:: Data extract
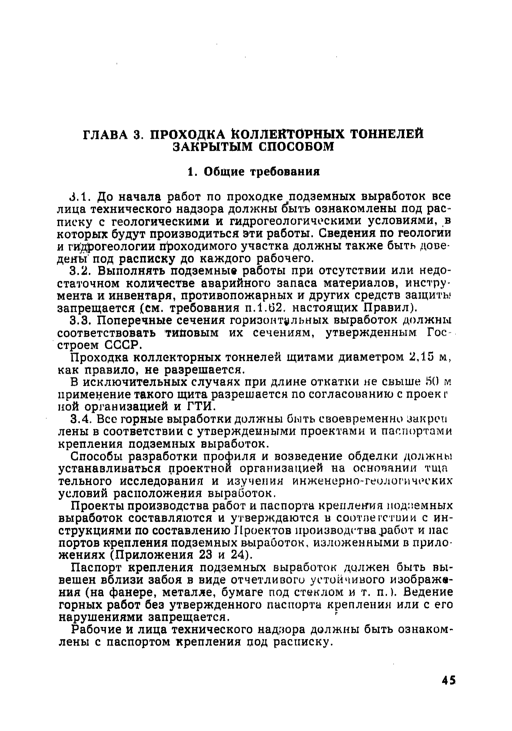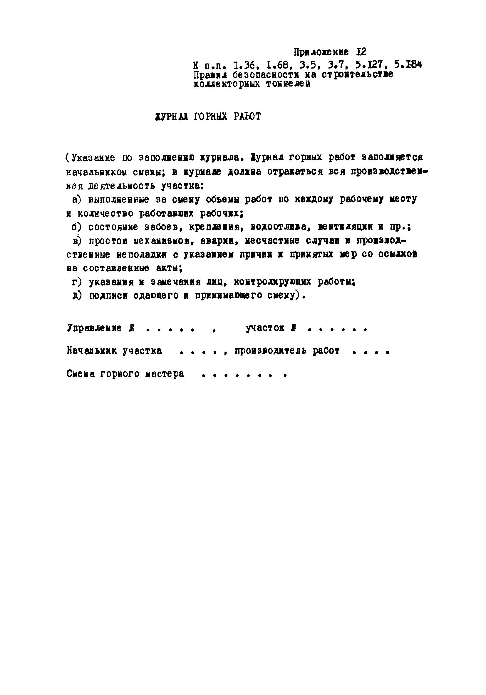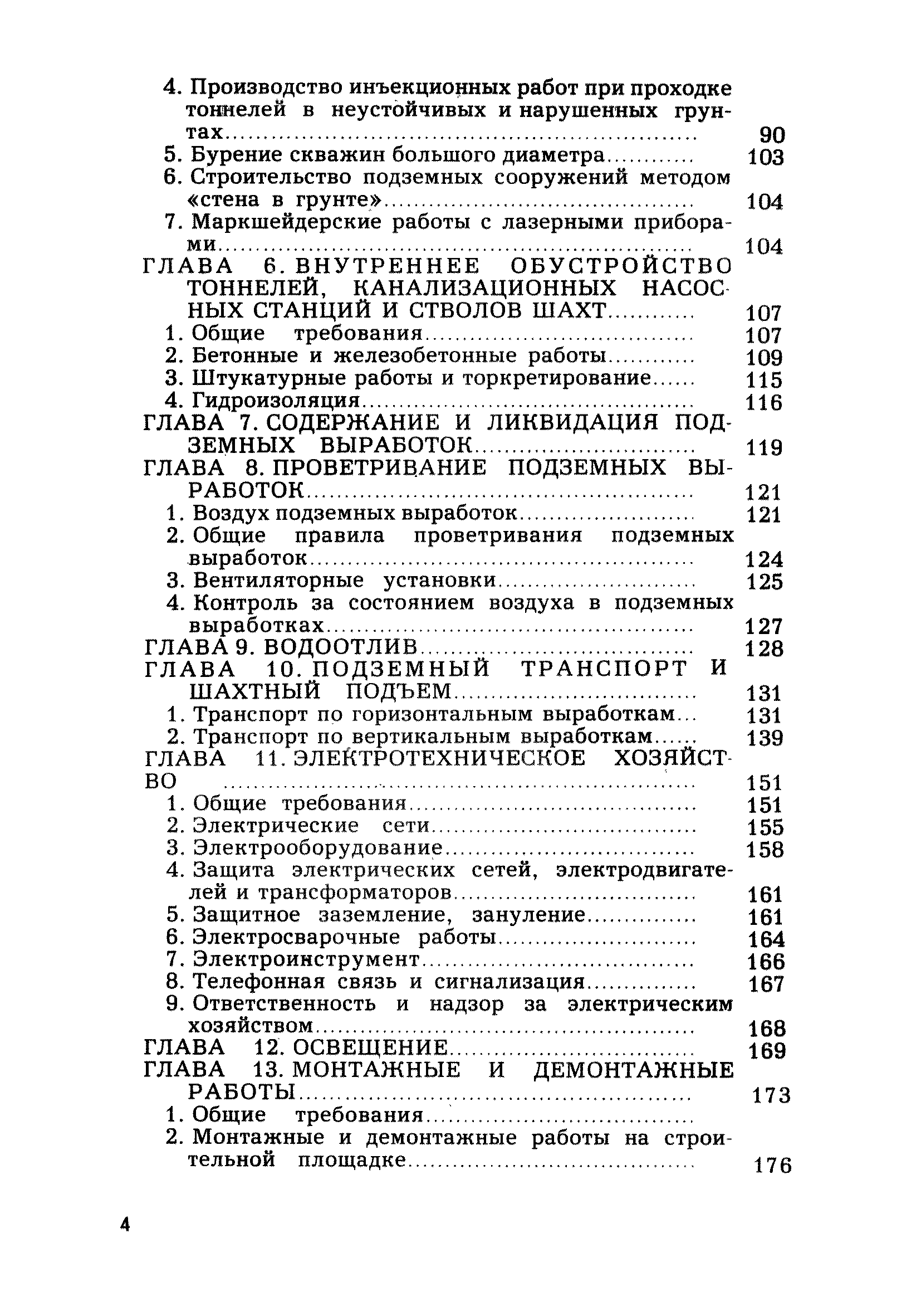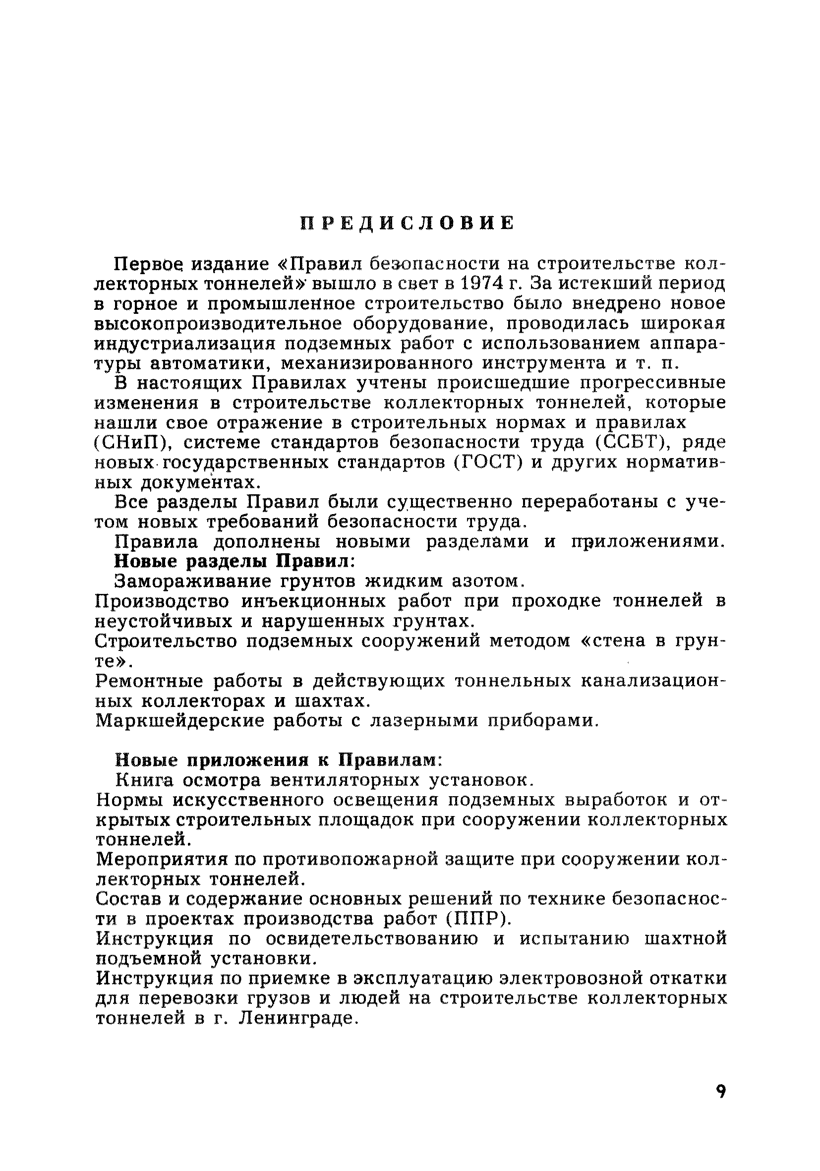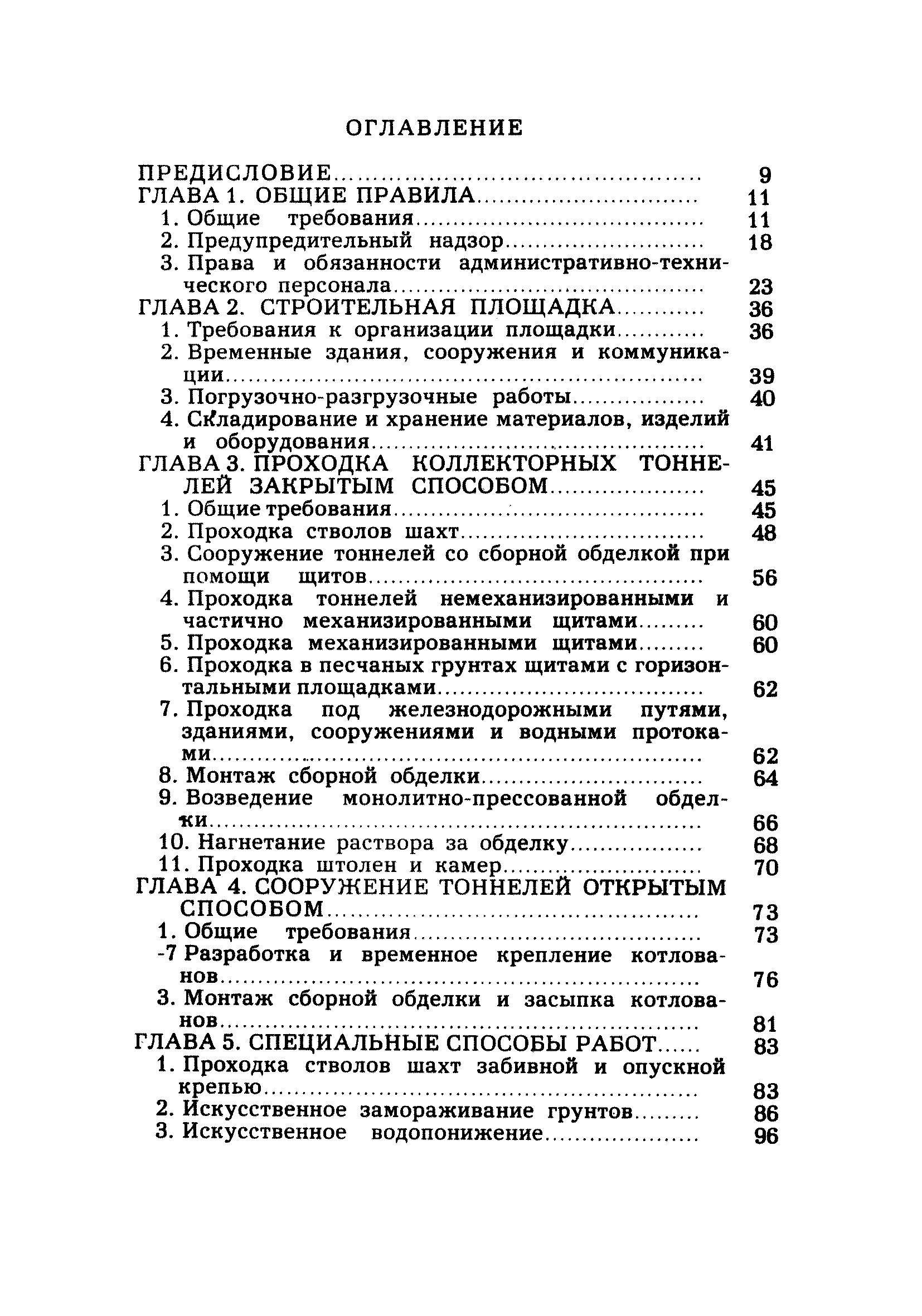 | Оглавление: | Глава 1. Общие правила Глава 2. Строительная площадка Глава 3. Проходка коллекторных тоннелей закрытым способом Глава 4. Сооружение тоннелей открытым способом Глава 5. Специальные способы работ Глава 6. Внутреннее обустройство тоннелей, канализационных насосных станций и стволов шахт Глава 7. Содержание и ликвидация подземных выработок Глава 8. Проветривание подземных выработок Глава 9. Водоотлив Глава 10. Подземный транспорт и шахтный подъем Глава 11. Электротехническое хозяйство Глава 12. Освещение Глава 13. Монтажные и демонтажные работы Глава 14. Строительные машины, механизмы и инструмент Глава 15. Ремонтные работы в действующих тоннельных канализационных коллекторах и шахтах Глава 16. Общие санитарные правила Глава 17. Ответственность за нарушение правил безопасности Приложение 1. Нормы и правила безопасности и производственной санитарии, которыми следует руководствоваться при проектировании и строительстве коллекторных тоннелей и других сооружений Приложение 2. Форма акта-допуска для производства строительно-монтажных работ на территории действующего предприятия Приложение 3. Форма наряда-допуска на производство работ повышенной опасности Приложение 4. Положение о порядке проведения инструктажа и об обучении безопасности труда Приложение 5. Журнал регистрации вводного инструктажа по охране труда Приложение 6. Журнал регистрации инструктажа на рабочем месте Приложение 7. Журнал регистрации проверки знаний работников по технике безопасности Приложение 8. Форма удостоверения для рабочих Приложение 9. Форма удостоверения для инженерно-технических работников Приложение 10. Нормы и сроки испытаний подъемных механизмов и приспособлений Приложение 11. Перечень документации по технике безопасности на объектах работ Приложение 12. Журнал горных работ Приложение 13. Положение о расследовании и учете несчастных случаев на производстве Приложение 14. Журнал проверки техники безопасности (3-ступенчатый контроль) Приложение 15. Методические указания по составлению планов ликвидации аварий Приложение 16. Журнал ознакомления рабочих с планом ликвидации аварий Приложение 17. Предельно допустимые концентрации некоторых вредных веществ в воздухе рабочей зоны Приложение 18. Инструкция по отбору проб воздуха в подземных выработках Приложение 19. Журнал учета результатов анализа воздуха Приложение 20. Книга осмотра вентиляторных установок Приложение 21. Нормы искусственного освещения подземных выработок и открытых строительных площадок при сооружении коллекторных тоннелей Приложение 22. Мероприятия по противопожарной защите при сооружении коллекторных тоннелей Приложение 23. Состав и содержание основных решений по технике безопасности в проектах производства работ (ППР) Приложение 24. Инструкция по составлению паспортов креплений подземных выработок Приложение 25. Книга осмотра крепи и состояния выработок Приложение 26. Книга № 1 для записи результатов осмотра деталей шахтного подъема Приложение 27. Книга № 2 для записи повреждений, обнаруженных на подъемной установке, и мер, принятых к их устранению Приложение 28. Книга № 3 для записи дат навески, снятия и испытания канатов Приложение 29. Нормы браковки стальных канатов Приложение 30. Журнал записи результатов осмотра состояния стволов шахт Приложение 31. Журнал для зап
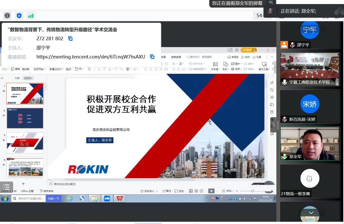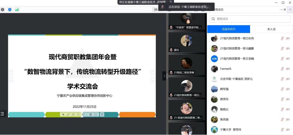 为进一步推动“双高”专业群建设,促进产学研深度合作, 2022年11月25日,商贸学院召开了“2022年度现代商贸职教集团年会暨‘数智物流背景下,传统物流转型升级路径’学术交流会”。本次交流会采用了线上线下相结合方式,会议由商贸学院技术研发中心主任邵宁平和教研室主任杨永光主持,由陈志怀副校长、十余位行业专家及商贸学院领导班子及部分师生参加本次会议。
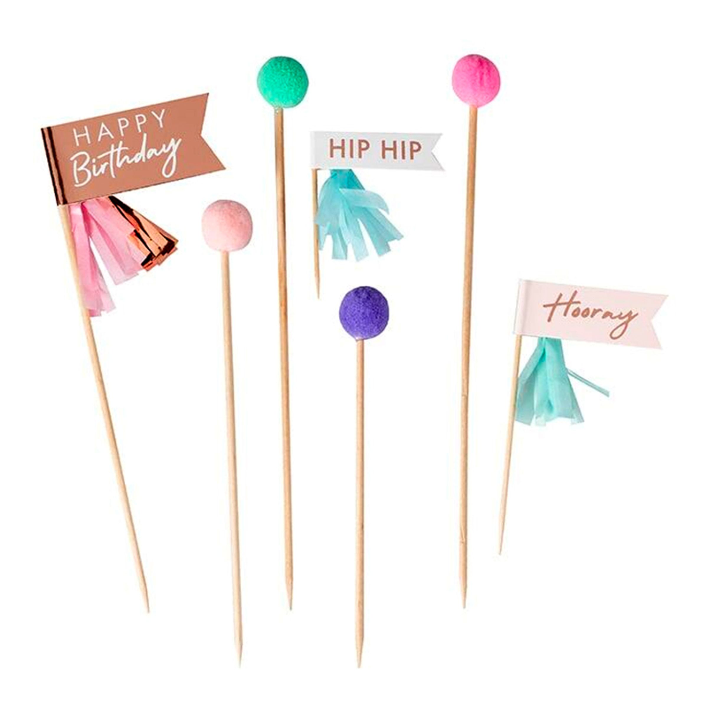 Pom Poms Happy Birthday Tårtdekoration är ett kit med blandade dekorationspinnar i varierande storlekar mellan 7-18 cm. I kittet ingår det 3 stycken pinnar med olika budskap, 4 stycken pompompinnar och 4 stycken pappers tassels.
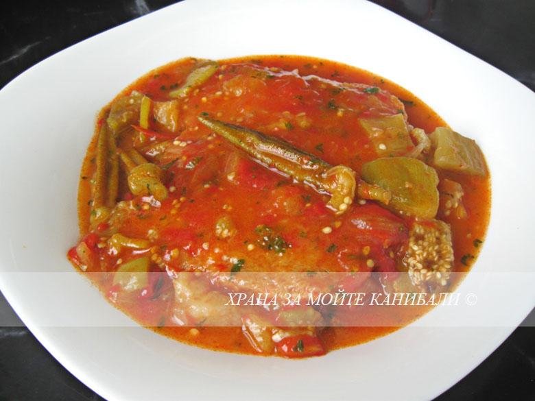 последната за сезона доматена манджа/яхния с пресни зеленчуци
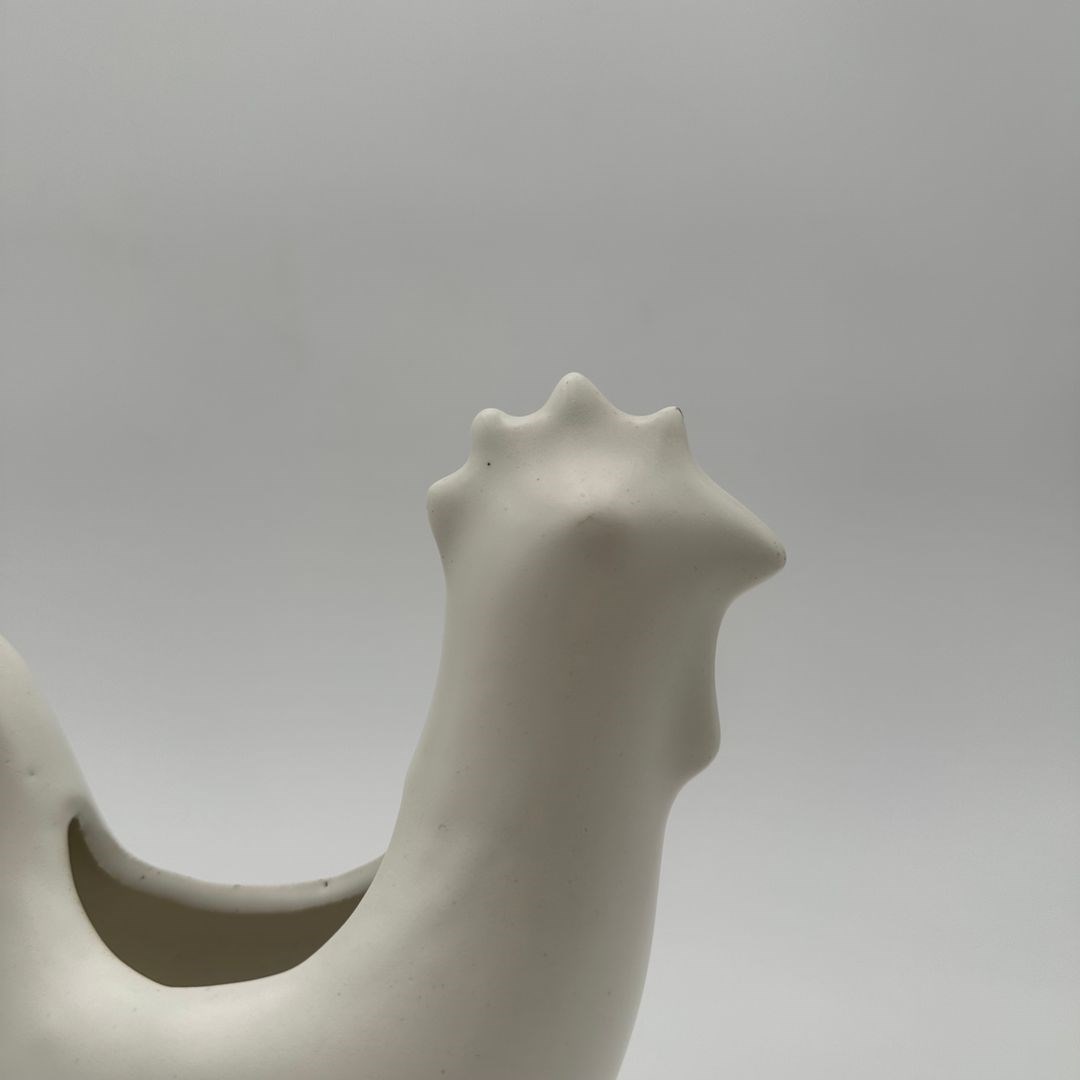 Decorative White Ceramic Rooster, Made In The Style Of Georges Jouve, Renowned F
::::
**Activity**
The answer should match the data above word for word, with no pictures in it.

**Answer section**
 | Оглавление: | Глава 1. Общие правила Глава 2. Строительная площадка Глава 3. Проходка коллекторных тоннелей закрытым способом Глава 4. Сооружение тоннелей открытым способом Глава 5. Специальные способы работ Глава 6. Внутреннее обустройство тоннелей, канализационных насосных станций и стволов шахт Глава 7. Содержание и ликвидация подземных выработок Глава 8. Проветривание подземных выработок Глава 9. Водоотлив Глава 10. Подземный транспорт и шахтный подъем Глава 11. Электротехническое хозяйство Глава 12. Освещение Глава 13. Монтажные и демонтажные работы Глава 14. Строительные машины, механизмы и инструмент Глава 15. Ремонтные работы в действующих тоннельных канализационных коллекторах и шахтах Глава 16. Общие санитарные правила Глава 17. Ответственность за нарушение правил безопасности Приложение 1. Нормы и правила безопасности и производственной санитарии, которыми следует руководствоваться при проектировании и строительстве коллекторных тоннелей и других сооружений Приложение 2. Форма акта-допуска для производства строительно-монтажных работ на территории действующего предприятия Приложение 3. Форма наряда-допуска на производство работ повышенной опасности Приложение 4. Положение о порядке проведения инструктажа и об обучении безопасности труда Приложение 5. Журнал регистрации вводного инструктажа по охране труда Приложение 6. Журнал регистрации инструктажа на рабочем месте Приложение 7. Журнал регистрации проверки знаний работников по технике безопасности Приложение 8. Форма удостоверения для рабочих Приложение 9. Форма удостоверения для инженерно-технических работников Приложение 10. Нормы и сроки испытаний подъемных механизмов и приспособлений Приложение 11. Перечень документации по технике безопасности на объектах работ Приложение 12. Журнал горных работ Приложение 13. Положение о расследовании и учете несчастных случаев на производстве Приложение 14. Журнал проверки техники безопасности (3-ступенчатый контроль) Приложение 15. Методические указания по составлению планов ликвидации аварий Приложение 16. Журнал ознакомления рабочих с планом ликвидации аварий Приложение 17. Предельно допустимые концентрации некоторых вредных веществ в воздухе рабочей зоны Приложение 18. Инструкция по отбору проб воздуха в подземных выработках Приложение 19. Журнал учета результатов анализа воздуха Приложение 20. Книга осмотра вентиляторных установок Приложение 21. Нормы искусственного освещения подземных выработок и открытых строительных площадок при сооружении коллекторных тоннелей Приложение 22. Мероприятия по противопожарной защите при сооружении коллекторных тоннелей Приложение 23. Состав и содержание основных решений по технике безопасности в проектах производства работ (ППР) Приложение 24. Инструкция по составлению паспортов креплений подземных выработок Приложение 25. Книга осмотра крепи и состояния выработок Приложение 26. Книга № 1 для записи результатов осмотра деталей шахтного подъема Приложение 27. Книга № 2 для записи повреждений, обнаруженных на подъемной установке, и мер, принятых к их устранению Приложение 28. Книга № 3 для записи дат навески, снятия и испытания канатов Приложение 29. Нормы браковки стальных канатов Приложение 30. Журнал записи результатов осмотра состояния стволов шахт Приложение 31. Журнал для зап
 为进一步推动“双高”专业群建设,促进产学研深度合作, 2022年11月25日,商贸学院召开了“2022年度现代商贸职教集团年会暨‘数智物流背景下,传统物流转型升级路径’学术交流会”。本次交流会采用了线上线下相结合方式,会议由商贸学院技术研发中心主任邵宁平和教研室主任杨永光主持,由陈志怀副校长、十余位行业专家及商贸学院领导班子及部分师生参加本次会议。
 Pom Poms Happy Birthday Tårtdekoration är ett kit med blandade dekorationspinnar i varierande storlekar mellan 7-18 cm. I kittet ingår det 3 stycken pinnar med olika budskap, 4 stycken pompompinnar och 4 stycken pappers tassels.
 последната за сезона доматена манджа/яхния с пресни зеленчуци
 Decorative White Ceramic Rooster, Made In The Style Of Georges Jouve, Renowned F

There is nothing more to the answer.